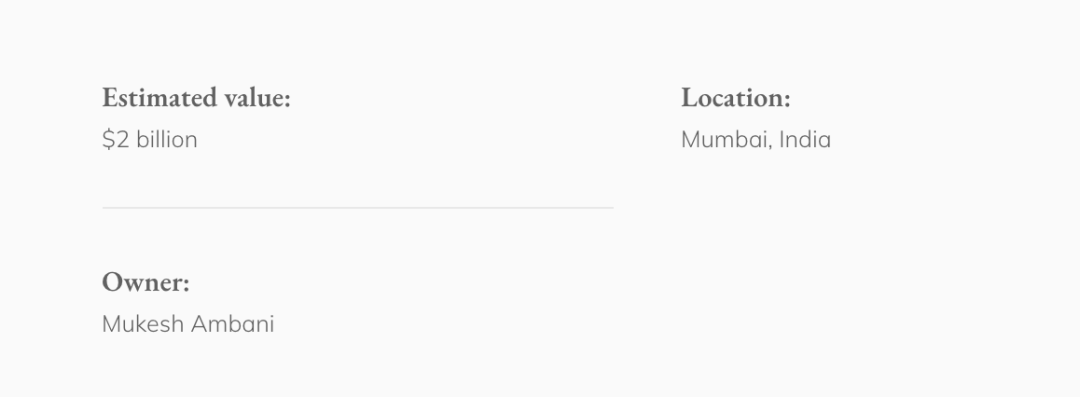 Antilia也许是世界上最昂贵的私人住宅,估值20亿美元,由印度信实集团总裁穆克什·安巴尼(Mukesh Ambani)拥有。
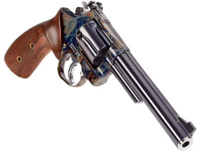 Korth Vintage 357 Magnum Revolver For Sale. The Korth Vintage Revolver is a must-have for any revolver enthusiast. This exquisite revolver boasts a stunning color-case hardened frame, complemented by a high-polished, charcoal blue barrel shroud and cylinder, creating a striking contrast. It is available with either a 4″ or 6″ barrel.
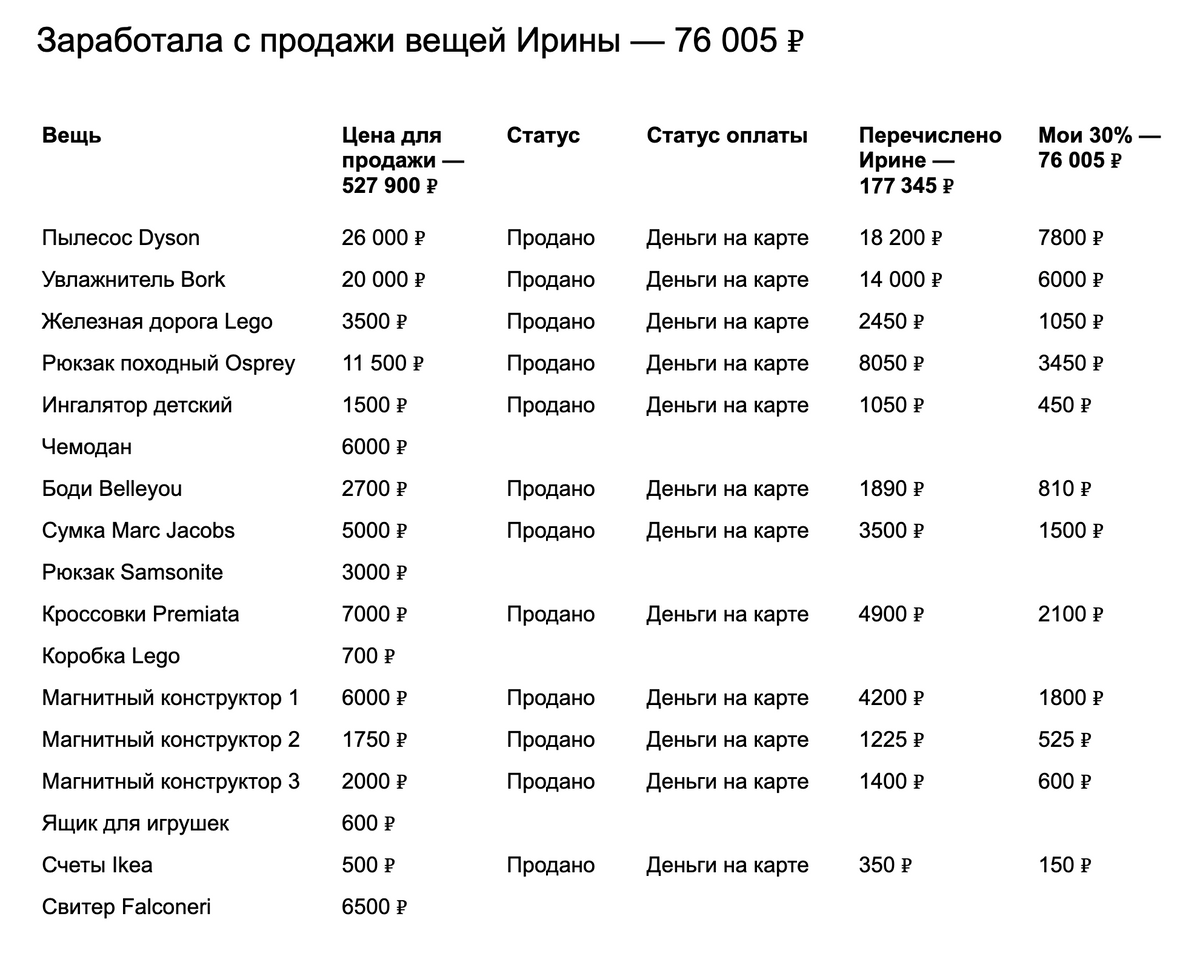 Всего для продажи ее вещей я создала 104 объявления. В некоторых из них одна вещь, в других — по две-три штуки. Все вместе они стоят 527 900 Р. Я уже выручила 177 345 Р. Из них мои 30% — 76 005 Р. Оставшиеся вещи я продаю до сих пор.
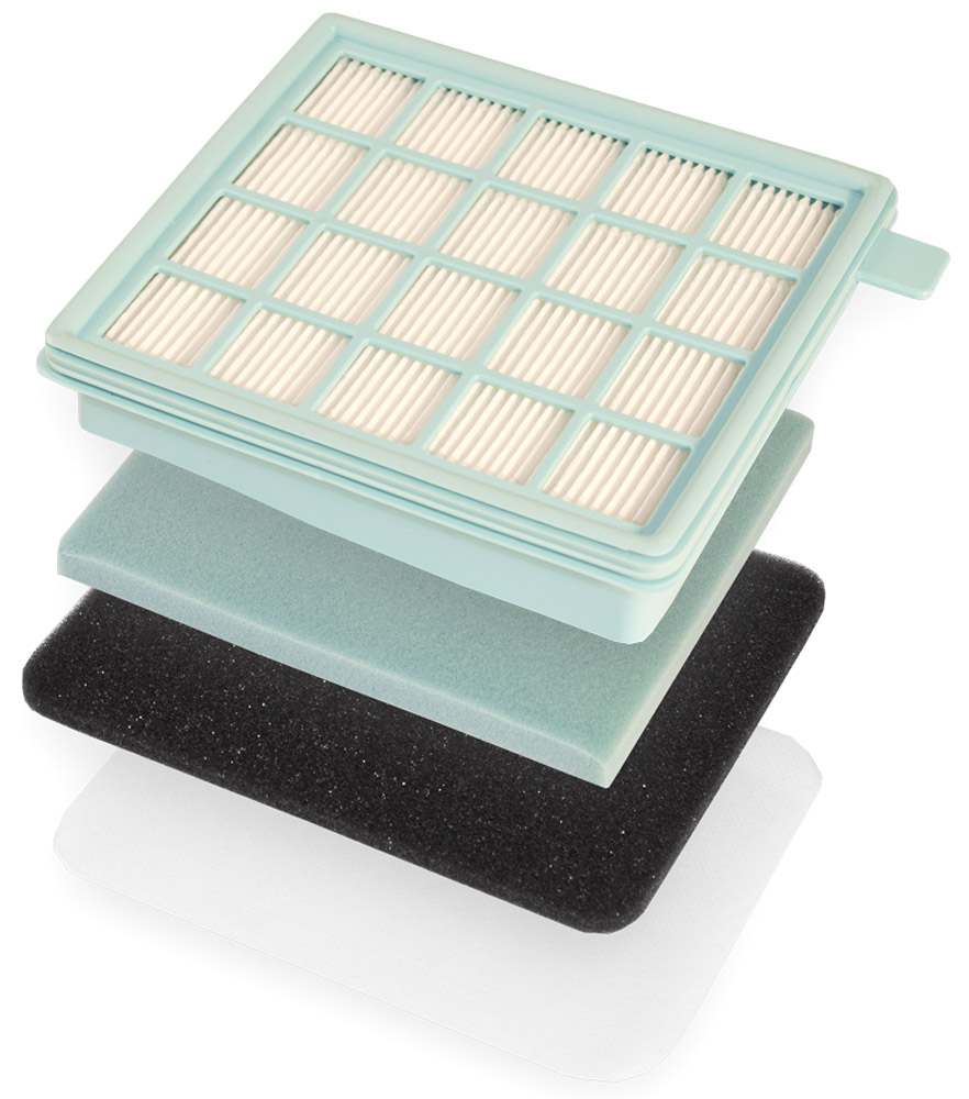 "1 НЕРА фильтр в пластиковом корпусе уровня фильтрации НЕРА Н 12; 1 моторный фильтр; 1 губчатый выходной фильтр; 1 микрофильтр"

==

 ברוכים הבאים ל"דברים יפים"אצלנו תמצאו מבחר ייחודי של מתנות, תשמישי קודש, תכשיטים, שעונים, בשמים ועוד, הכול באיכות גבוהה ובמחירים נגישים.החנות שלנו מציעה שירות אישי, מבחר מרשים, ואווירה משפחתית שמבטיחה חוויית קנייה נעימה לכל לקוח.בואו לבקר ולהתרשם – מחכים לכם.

§ WORK INSTRUCTION: From the material above, output only the span of lines that starts at the one containing "Korth Vintage 357" and finishes at the one containing "НЕРА фильтр в", word for word and free of pictures.

§ ANSWER AREA:
 Korth Vintage 357 Magnum Revolver For Sale. The Korth Vintage Revolver is a must-have for any revolver enthusiast. This exquisite revolver boasts a stunning color-case hardened frame, complemented by a high-polished, charcoal blue barrel shroud and cylinder, creating a striking contrast. It is available with either a 4″ or 6″ barrel.
 Всего для продажи ее вещей я создала 104 объявления. В некоторых из них одна вещь, в других — по две-три штуки. Все вместе они стоят 527 900 Р. Я уже выручила 177 345 Р. Из них мои 30% — 76 005 Р. Оставшиеся вещи я продаю до сих пор.
 "1 НЕРА фильтр в пластиковом корпусе уровня фильтрации НЕРА Н 12; 1 моторный фильтр; 1 губчатый выходной фильтр; 1 микрофильтр"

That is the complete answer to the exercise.